Z зачитывает наизусть большие отрывки из «Бракосочетания Неба и Ада» и «Книги Уризена», а потом, безо всякого перехода, вдруг затягивает тонким девчоночьим голоском:
Я брел, как облачко весною
Бла-бла-бла-бла-бла
Бла-бла-бла-бла-бла
Нарциссов желтых целый рой.
[12] – Билл, здесь даже спорить не о чем. Блейк – поэзия для мужчин, Вордсворт – для маленьких девочек.
Я не глотаю наживку и возвращаюсь к своим запискам. Сейчас я попробую объяснить, что такое Вордсворт для меня и почему он – величайший.

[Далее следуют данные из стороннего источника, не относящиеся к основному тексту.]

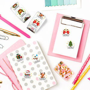 500张/卷圣诞节卷卷贴儿童节日贴纸礼物包装信封封口卡通DIY贴画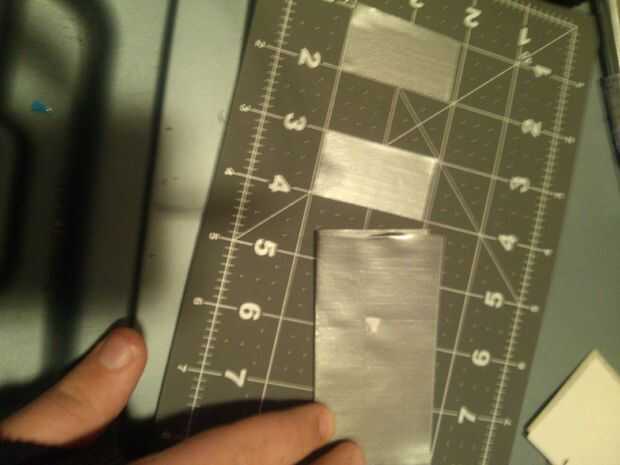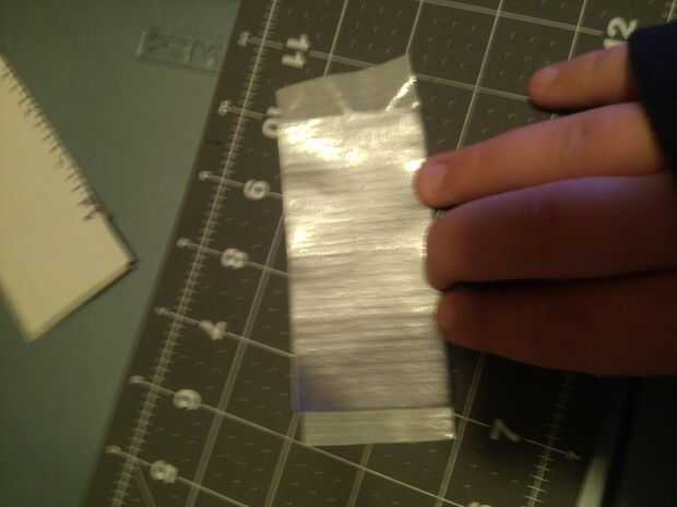 Pegar la tira de 3 y 3/4 de pulgada en uno de los extremos abiertos. Poner la mitad en el proyecto, la mitad de la superficie que está trabajando. Voltee el proyecto y cinta adhesiva en el otro lado. Ahora toma las otras tiras de 1 pulgada y repite el proceso.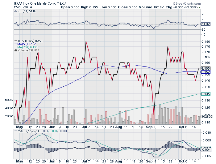 "">ByPublished: Oct 21, 2014 1:57 p.m. ET 0 VANCOUVER, BC, Oct 21, 2014 (Marketwired via COMTEX) -- INCA ONE GOLD CORP. (IO) ("Inca One" or the "Company"), further to its press releases of October 2 and October 8, 2014, is pleased to announce delivery of the second 50 tonne per day ("TPD") ball mill to the Chala plant ahead of schedule. Build-out continues to be on schedule with full commissioning expected by the end of the year.The concrete pads and retaining walls have been completed and installation of the two 50 TPD ball mills are currently underway with commissioning of each ball mill expected to be completed within two weeks of installation. All other equipment and materials are also on site to allow the Company to proceed with the installation. Full commissioning of the expanded plant appears to be on schedule for completion by the end December 31, 2014.As the installation carries on, the Company continues to purchase, crush, stockpile, and test-process Company-approved ore deliveries through an interim ore milling circuit. This initiative will help the Company continue to establish best-practices in their production process.Processing and test-milling through the 50 TPD ball mills is expected to begin mid to late November 2014, while commencement of full scale commercial production is anticipated early 2015.Upon completion of the build-out, the Company expects to be able to weigh, crush, assay and assess the chemistry and metallurgy of all incoming ore onsite in a timely fashion. The goal is to accumulate and stockpile ore purchases for up to 30 days production at 100 TPD through-put.Inca One has made extensive progress since acquiring the mill in 2013, and is in the final stages of its transition from an exploration company to an ore processing company servicing government-permitted small-scale mining operations in Peru.About Inca One Gold Corp.: Inca One is a Canadian-based mineral resource company and ore processing company with a gold milling facility in Peru, servicing government-permitted small-scale miners. A highly mineral-rich country, Peru is one of the world's top producers of gold, silver, copper and zinc, with substantial production coming from small scale miners who need government permitted milling facilities to process their ore (such as the Company's Chala mill).On behalf of the Board,Edward KellyPresident & CEOInca One Gold Corp.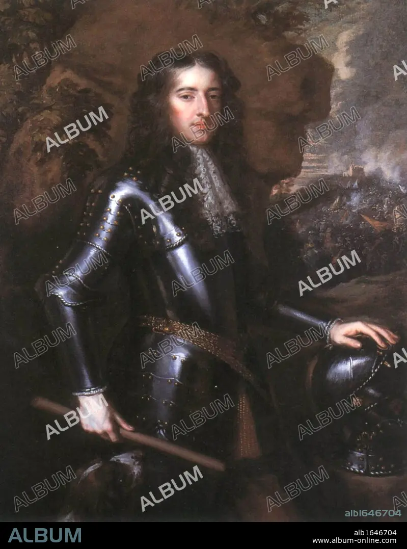 Caption: William III (1650-1702) from 1672 Stadtholder William III of Orange, from 1689 William III of England and Ireland and William II of Scotland. Portrait after original of 1677 by Peter Lely. Armour Helmet War Battle Protestant
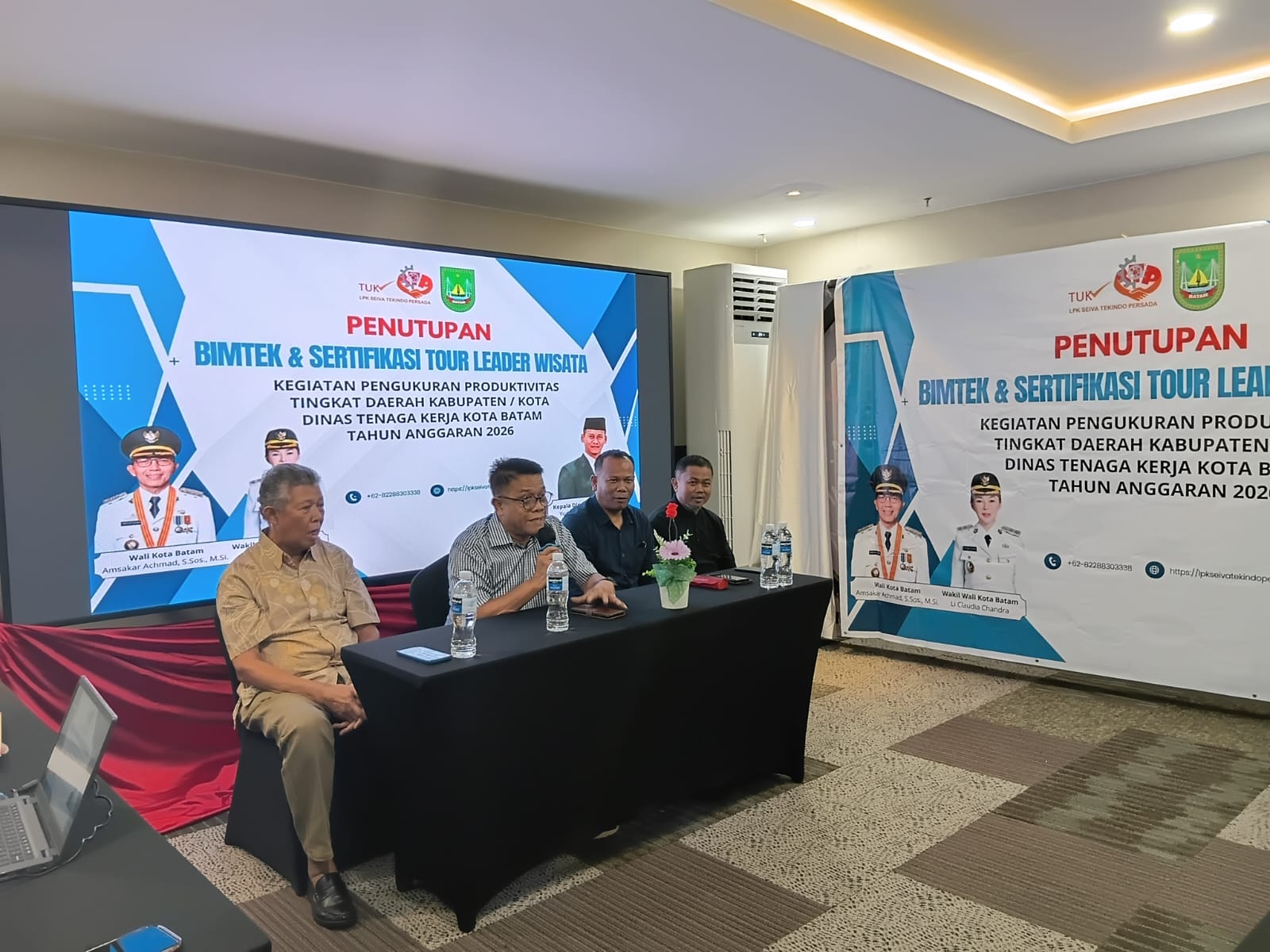 BatamNow.com – Bimbingan Teknis (Bimtek) dan Uji Kompetensi Tour Leader yang diselenggarakan Dinas Tenaga Kerja (Disnaker) Pemerintah Kota Batam resmi ditutup pada Sabtu (04/04/2026). Kegiatan yang berlangsung sejak 30 Maret 2026 ini digelar di MaxOne Hotel Pelita.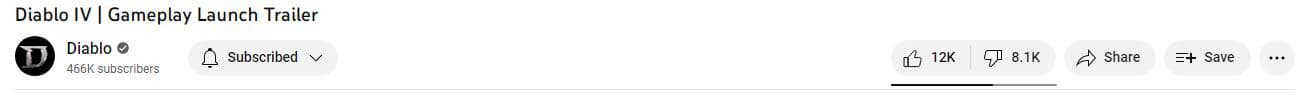 Blizzard опубликовала трейлер к скорому выходу Diablo 4, который состоится 6 июня на ПК, PlayStation и Xbox. На момент написания этих строчек, у ролика 12 тысяч пальцев вверх и больше 8 тысяч пальцев вниз.
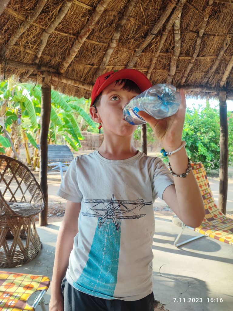 Wojtka wsadzam tu pod prysznic za każdym razem kiedy widzę, że już mi się buzia zmienia na zmęczoną. Ponieważ on pomimo tych upałów cały czas goni tutaj za piłką i bawi się z miejscowymi dziećmi, to jego wydatek energetyczny i potrzeba uzupełniania płynów jest olbrzymia. Dlatego zimna woda z prysznica dla ochłodzenia ciała oraz wypicie chwilę całej butelki wody 0,7l na raz to absolutna konieczność. Zresztą ta woda paruje z niego w czasie rzeczywistym, bo pomimo tego że pije tu na prawdę dużo, to prawie w ogóle nie chodzi do ubikacji. To tylko pokazuje jakie tutaj organizm ma zapotrzebowanie na wodę.

Не поймите меня неправильно – я люблю Блейка; меня от него пробирает озноб. Его абстрактные описания бездны повергают меня в благоговейный ужас. Но вот в чем беда: я в него не врубаюсь – вроде бы проникаюсь его настроением, но сюжет от меня ускользает. На самом деле, я не люблю спорить с Z о Блейке, потому что с Z вообще невозможно спорить и еще потому, что Z искренне полагает, что они с Блейком во многом похожи. Ну, хотя бы в подходе к творчеству. Z тоже черпает вдохновение в своем воспаленном, безудержном воображении; а я в отличие от него – в красоте, данной нам в ощущения. Когда наступает апрель, и я спотыкаюсь о клумбу цветущих примул, разнежившихся на солнце, все мое существо устремляется к тайне в сердце Творения. Брейк критиковал Вордсворта за то, что тот уделяет слишком много внимания деталям внешнего мира вообще и природы в частности, в ущерб миру внутреннему. Но ведь Бог обращается к человеку именно через детали реального, «внешнего» мира – и что же нам делать, не слушать Бога?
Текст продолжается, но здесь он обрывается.